Supervisor: prof. Andres Merits (Tartu Ülikool)
Opponent: Prof. Marc Lecuit, PhD
Biology of Infection Unit, Institut Pasteur, France
Semliki Forest virus (SFV) belongs to genus Alphavirus, family Togaviridae. There are many important pathogens among alphaviruses and their infection can cause various illnesses to animals and humans. In nature mosquitoes are responsible for the spread of alphaviruses. In addition, alphaviruses are used as tools in biotechnology. Alphaviruses have a genome with positive polarity that is used in infected cells to translate nonstructural polyprotein that will be processed into four subunits (nsP1-nsP4). Nonstructural proteins are needed to form replication complexes.

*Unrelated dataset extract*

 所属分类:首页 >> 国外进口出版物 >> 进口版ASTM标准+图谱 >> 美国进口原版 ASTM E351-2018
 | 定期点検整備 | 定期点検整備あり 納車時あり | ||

In the present work it was discovered that one nonstructural protein nsP3 has degradation signal at its carboxyterminal end. However, it overlaps with the sequence element that acts as a recognition element in the polyprotein processing resulting in the release of nsP3 from nsP4.
In addition, it was found that upstream of the degradation signal nsP3 has a sequence motif in two copies. Further analysis showed that at least one of the motifs is required to bind G3BP1 and G3BP2. Those proteins participate in the formation of stress granules; stress granules store cellular RNAs if the conditions are not favourable. However, cells infected with alphaviruses loose that ability, one of the mechanisms behind the phenomenon is recruitment of G3BP1 and G3BP2 to virus replications complexes.

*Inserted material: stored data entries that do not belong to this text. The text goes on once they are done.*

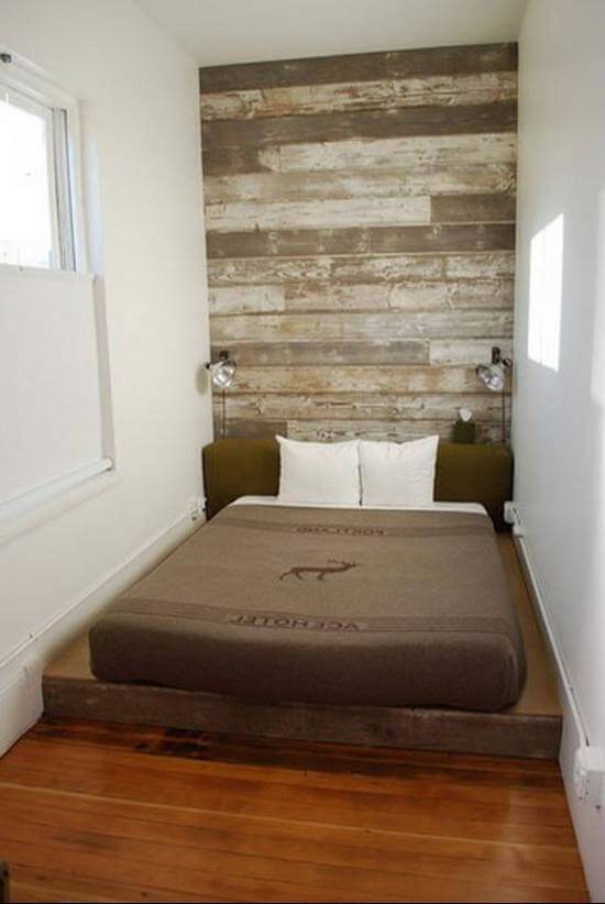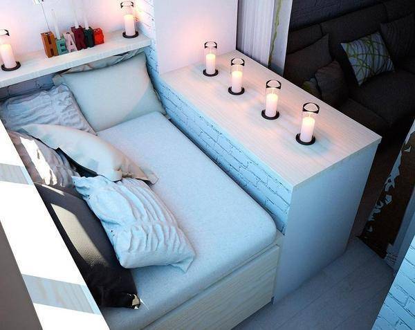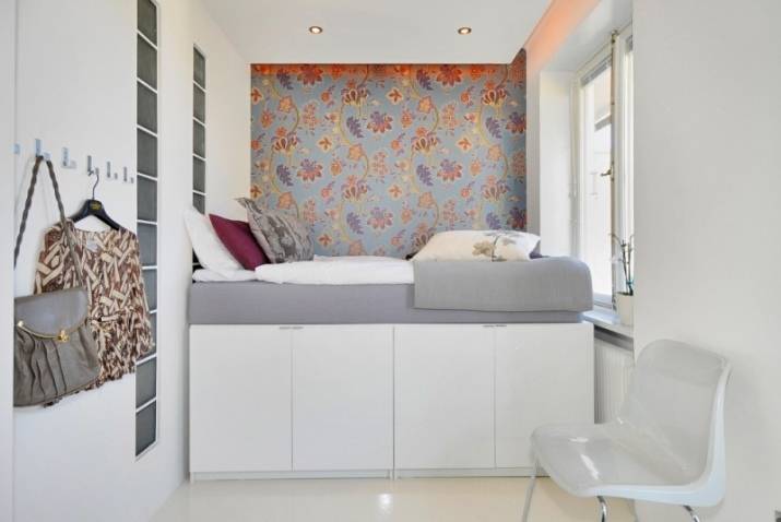 Вопрос недостатка свободной площади решается установкой кровати-подиума. Для этого делают небольшое возвышение над уровнем пола, а на него укладывают матрас. Вместо шкафов навешивают полочки, устанавливают оригинальные светильники.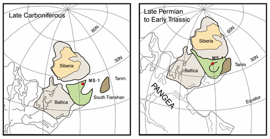 The Late Paleozoic orogenic belt in northern Xinjiang and adjacent areas developed a series of successive, southward accretionary belts along the broad South Siberian active margin, forming the Alaska–Aleutian arc system (Kokchetav–Morth Tianshan), the Japanese arc system (Altai, Chinese Middle Tianshan), and the Mariana arc system (Balkhash, West Junggar, East Junggar) [4,9] (Figure 9). Paleomagnetic reconstructions indicate that complex nappes occurred in the Early Paleozoic. In the Late Devonian, a complex Kokchetav–North Tianshan arc system with a straight extension of the main axis was formed under growth and fusion of the circum-microcontinental type. Approximately corresponding to the late Early Carboniferous, the Junggar paleo sheet formed a rift trough along the Bogda area, separating the Junggar-occupied sheet. The rift trough did not reach the level of the emergence of oceanic crust, so it is also called the Ora Valley. After the middle of the Early Carboniferous, the Siberian plate and the Junggar paleolithic sheet underwent continental collisional orogeny, and the ocean basin disappeared. The ocean between the Junggar paleo sheet and Kazakhstan finally closed at the end of the Carboniferous or the beginning of the Permian, while the ocean south of the basin closed in the Late Carboniferous and entered the intra-land orogenic stage, and the relatively closed residual marine environment in the Late Carboniferous study area coincided with it. In the Permian period, geosyncline closed, and folded mountain series were formed successively, and the paleo-plates were gradually linked to form a joint paleo-continent (Pangaea). With the further expansion of the land area, gymnosperms began to decline on land, true and seed ferns flourished, and the first gymnosperms appeared. From the Permian to the Middle Triassic, the Junggar Basin was in the foreland basin tectonic development stage, and the sediment evolution of the Xiazijie, Urho, and Baikouquan Formations also reflected the gradual disappearance of marine fingerprints and the increasingly obvious characteristics of continental sedimentation; the organic matter of terrestrial origin continued to increase, and the salinity of water bodies became increasingly low. In conclusion, regional tectonic evolution constrained the variability of lake waters in the MS-1 well, while the Carboniferous global warming and wetting event, Permian anoxic event, and Late Permian–Early Triassic drought event influenced the organic matter composition and redox conditions of the lake waters.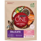 Ako vaš pas male pasmine ima osjetljivu probavu, to ne znači da mora odustati od užitka! Purina ONE Mini Delicate losos i riža ukusna je suha hrana koja se sastoji od hrskavih i mekih kroketa. Všeg malenog ljubimca opskrbljuje svim važnim hranjivim tvarima. Ova je hrana bogata omega3 masnim kiselinama i cinkom, što može utjecati povoljno na prirodnu barijeru kože i sjajnu dlaku. Za optimalnu probavu dodani su prebiotici i visoko probavljivi sastojci koje tijelo može dobro iskoristiti. Purina ONE Mini Delicate losos i riža sadržava 70 % proteina životinjskog podrijetla i stoga može pridonijeti održavanju mišića vašeg ljubimca. Purina ONE Mini Delicate losos i riža u pregledu: uravnotežena suha hrana za odrasle pse malih pasmina do 10 kg koji su osjetljivi na prehranu koža i dlaka: bogato omega3 masnim kiselinama i cinkom, može povoljno utjecati sjajnu dlaku i prirodnu kožnu barijeru normalan imunološki sustav: antioksidansi mogu potaknuti vlastitu obranu tijela proteini visoke kvalitete: 70 % proteina životinjskog podrijetla od ukupnog udjela proteina, za vitke mišiće probava: prirodni prebiotici za podršku idealnoj probavi i prirodnoj crijevnoj flori lako probavljivo: odabrani sastojci koje tijelo lako apsorbira vrlo ukusno: 2 teksture, hrskavi i meki kroketi, prilagođeni veličini čeljusti psa 100 % cjelovito: sa svim važnim hranjivim tvarima visoka prihvaćenost: s ukusnim lososom ambalaža koja se može reciklirati: sa zatvaračem za očuvanje svježine preporučuju veterinari

Although we know that G3BP1 and G3BP2 bind SFV replication complexes there is little knowledge about the other cellular proteins that could do the same. SFV replication complex are bound to lysosomes. If the cells are fed with dextran-covered magnetic nanoparticles those particles end up in lysosomes allowing magnetic sorting of those cellular vesicles. By using quantitative proteomics, it was found that 80 proteins were enriched in the lysosomal fraction from infected cells. Four of them (PCBP1, hnRNP M, hnRNP C, hnRNP K) were chosen for further analysis. All four colocalized with SFV replication complexes. By using siRNA-based knockdown, it was found that knockdown of hnRNP M and hnRNP C enhanced virus replication, knockdown of PCBP1 reduced viral RNA translation and trageting of hnRNP K increased viral synhtesis.
Understanding of alphavirus interactions with host is required to develop new ways to treat the disease.